WHAT TO PRODUCE:
Of the entries below, restate word for word only the section that runs from the line with "Nguồn nước sau" to the line with "Bordowa Sukienka o", counting both ends.

(Source records)

"""

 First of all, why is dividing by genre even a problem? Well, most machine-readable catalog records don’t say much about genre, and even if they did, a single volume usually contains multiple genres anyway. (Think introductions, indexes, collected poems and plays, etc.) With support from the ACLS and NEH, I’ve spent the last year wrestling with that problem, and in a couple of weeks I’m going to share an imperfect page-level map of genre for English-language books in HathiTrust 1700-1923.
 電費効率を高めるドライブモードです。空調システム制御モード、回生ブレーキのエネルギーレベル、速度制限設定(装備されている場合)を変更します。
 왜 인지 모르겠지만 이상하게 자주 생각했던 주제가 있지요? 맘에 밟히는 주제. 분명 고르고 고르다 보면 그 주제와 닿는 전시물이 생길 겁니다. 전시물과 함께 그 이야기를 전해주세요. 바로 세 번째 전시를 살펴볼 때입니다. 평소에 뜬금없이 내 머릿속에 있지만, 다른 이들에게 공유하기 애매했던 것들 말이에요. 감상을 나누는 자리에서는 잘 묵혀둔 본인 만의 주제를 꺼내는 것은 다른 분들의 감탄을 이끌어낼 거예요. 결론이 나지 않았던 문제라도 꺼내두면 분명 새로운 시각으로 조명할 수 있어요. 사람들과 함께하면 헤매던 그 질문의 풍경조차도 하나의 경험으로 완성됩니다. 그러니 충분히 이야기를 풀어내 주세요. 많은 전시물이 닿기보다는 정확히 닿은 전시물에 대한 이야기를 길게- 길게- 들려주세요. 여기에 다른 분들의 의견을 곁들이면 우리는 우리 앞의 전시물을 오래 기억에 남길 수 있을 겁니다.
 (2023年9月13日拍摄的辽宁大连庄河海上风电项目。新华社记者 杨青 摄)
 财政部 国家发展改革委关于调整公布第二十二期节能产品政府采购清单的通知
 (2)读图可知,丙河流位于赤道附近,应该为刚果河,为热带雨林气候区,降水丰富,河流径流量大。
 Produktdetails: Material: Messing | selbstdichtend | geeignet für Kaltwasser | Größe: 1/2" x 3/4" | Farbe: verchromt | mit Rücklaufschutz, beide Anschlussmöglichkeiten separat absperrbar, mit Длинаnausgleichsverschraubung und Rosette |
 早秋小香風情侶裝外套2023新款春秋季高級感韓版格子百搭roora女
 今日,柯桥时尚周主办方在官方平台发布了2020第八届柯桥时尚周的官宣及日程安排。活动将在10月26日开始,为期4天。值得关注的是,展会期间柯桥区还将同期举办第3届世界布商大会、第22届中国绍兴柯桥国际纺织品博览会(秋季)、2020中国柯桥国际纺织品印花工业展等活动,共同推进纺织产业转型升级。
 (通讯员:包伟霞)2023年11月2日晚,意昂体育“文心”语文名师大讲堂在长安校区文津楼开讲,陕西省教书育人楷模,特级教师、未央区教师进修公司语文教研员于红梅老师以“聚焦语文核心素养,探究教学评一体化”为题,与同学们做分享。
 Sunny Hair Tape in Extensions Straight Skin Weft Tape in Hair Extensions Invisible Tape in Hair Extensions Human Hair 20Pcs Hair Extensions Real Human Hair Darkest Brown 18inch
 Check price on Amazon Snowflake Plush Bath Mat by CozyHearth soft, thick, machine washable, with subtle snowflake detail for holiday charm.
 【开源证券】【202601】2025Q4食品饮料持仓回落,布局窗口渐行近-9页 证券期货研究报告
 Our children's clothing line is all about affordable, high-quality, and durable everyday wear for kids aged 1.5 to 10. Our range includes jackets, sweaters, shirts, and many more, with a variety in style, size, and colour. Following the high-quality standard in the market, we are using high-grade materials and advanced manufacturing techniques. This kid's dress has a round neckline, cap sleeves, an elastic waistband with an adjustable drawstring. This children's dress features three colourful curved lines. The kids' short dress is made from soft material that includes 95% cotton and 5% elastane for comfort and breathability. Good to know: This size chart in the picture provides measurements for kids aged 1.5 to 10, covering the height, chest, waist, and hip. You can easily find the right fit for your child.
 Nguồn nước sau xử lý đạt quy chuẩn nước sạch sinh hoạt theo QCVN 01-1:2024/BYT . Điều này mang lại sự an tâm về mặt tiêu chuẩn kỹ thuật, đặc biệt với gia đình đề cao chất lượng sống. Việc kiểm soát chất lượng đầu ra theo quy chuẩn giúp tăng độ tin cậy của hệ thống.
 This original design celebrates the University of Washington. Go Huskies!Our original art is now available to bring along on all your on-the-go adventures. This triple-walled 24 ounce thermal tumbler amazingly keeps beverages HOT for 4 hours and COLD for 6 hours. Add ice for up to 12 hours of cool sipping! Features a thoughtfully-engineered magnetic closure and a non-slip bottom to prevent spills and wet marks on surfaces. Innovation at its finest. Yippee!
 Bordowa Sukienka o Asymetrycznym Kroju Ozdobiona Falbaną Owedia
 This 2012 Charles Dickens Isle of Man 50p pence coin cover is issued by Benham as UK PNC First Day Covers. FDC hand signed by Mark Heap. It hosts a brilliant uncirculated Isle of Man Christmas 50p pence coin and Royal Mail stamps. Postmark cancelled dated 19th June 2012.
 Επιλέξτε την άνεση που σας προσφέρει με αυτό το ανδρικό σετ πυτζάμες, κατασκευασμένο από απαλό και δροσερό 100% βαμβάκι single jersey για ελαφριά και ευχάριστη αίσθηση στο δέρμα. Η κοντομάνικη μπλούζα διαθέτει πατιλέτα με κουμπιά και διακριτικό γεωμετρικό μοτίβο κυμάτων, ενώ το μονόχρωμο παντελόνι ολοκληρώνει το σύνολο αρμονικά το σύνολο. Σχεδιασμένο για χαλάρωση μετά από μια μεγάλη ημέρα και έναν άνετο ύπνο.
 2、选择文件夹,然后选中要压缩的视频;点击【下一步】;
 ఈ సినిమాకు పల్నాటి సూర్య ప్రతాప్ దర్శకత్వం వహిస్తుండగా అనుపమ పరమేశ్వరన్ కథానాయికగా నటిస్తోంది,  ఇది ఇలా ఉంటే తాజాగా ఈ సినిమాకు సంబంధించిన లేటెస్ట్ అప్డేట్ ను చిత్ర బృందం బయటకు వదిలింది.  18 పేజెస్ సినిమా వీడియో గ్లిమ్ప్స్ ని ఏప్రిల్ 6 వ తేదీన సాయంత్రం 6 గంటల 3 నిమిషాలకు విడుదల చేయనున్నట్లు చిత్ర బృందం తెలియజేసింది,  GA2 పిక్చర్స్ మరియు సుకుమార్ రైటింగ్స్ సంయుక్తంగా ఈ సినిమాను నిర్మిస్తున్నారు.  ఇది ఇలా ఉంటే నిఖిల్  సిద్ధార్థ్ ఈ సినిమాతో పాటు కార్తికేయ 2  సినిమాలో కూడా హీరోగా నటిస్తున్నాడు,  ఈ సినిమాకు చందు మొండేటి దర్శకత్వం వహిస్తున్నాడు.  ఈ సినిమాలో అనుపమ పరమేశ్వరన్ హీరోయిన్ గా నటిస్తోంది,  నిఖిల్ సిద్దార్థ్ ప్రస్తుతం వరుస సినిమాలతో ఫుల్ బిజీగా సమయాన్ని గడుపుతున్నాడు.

"""

OUTPUT BELOW:
 Nguồn nước sau xử lý đạt quy chuẩn nước sạch sinh hoạt theo QCVN 01-1:2024/BYT . Điều này mang lại sự an tâm về mặt tiêu chuẩn kỹ thuật, đặc biệt với gia đình đề cao chất lượng sống. Việc kiểm soát chất lượng đầu ra theo quy chuẩn giúp tăng độ tin cậy của hệ thống.
 This original design celebrates the University of Washington. Go Huskies!Our original art is now available to bring along on all your on-the-go adventures. This triple-walled 24 ounce thermal tumbler amazingly keeps beverages HOT for 4 hours and COLD for 6 hours. Add ice for up to 12 hours of cool sipping! Features a thoughtfully-engineered magnetic closure and a non-slip bottom to prevent spills and wet marks on surfaces. Innovation at its finest. Yippee!
 Bordowa Sukienka o Asymetrycznym Kroju Ozdobiona Falbaną Owedia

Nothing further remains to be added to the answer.